Task directions —
Write down exactly what lies from the line containing "- The blade" to the end of the records, inclusive, and omit the pictures.

Collected data —
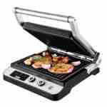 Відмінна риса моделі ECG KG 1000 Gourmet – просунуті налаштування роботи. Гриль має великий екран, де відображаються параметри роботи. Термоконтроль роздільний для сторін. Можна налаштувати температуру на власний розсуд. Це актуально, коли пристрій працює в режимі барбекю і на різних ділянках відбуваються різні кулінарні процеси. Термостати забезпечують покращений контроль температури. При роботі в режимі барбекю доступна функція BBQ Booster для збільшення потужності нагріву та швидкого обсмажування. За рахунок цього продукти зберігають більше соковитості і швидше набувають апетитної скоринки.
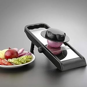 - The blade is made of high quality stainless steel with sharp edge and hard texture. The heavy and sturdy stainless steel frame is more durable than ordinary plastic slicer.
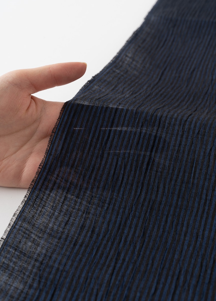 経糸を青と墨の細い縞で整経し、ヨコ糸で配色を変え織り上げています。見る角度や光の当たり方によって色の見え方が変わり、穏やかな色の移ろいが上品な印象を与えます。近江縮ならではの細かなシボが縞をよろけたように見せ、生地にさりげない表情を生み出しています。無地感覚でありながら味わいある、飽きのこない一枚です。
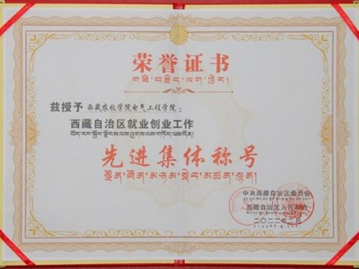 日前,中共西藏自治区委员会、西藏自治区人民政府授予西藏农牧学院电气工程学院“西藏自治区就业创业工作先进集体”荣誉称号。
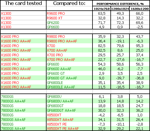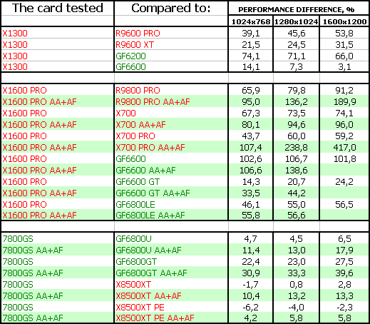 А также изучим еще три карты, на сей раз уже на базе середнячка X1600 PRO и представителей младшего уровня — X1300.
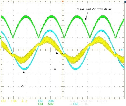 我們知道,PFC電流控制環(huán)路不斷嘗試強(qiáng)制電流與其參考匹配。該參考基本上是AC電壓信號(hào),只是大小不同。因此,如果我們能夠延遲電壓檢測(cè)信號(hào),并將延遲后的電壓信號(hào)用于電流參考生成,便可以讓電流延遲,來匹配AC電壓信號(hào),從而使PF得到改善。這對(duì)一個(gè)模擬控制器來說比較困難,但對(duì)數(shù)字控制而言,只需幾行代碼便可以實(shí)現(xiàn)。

Result for this exercise —
 - The blade is made of high quality stainless steel with sharp edge and hard texture. The heavy and sturdy stainless steel frame is more durable than ordinary plastic slicer.
 経糸を青と墨の細い縞で整経し、ヨコ糸で配色を変え織り上げています。見る角度や光の当たり方によって色の見え方が変わり、穏やかな色の移ろいが上品な印象を与えます。近江縮ならではの細かなシボが縞をよろけたように見せ、生地にさりげない表情を生み出しています。無地感覚でありながら味わいある、飽きのこない一枚です。
 日前,中共西藏自治区委员会、西藏自治区人民政府授予西藏农牧学院电气工程学院“西藏自治区就业创业工作先进集体”荣誉称号。
 А также изучим еще три карты, на сей раз уже на базе середнячка X1600 PRO и представителей младшего уровня — X1300.
 我們知道,PFC電流控制環(huán)路不斷嘗試強(qiáng)制電流與其參考匹配。該參考基本上是AC電壓信號(hào),只是大小不同。因此,如果我們能夠延遲電壓檢測(cè)信號(hào),并將延遲后的電壓信號(hào)用于電流參考生成,便可以讓電流延遲,來匹配AC電壓信號(hào),從而使PF得到改善。這對(duì)一個(gè)模擬控制器來說比較困難,但對(duì)數(shù)字控制而言,只需幾行代碼便可以實(shí)現(xiàn)。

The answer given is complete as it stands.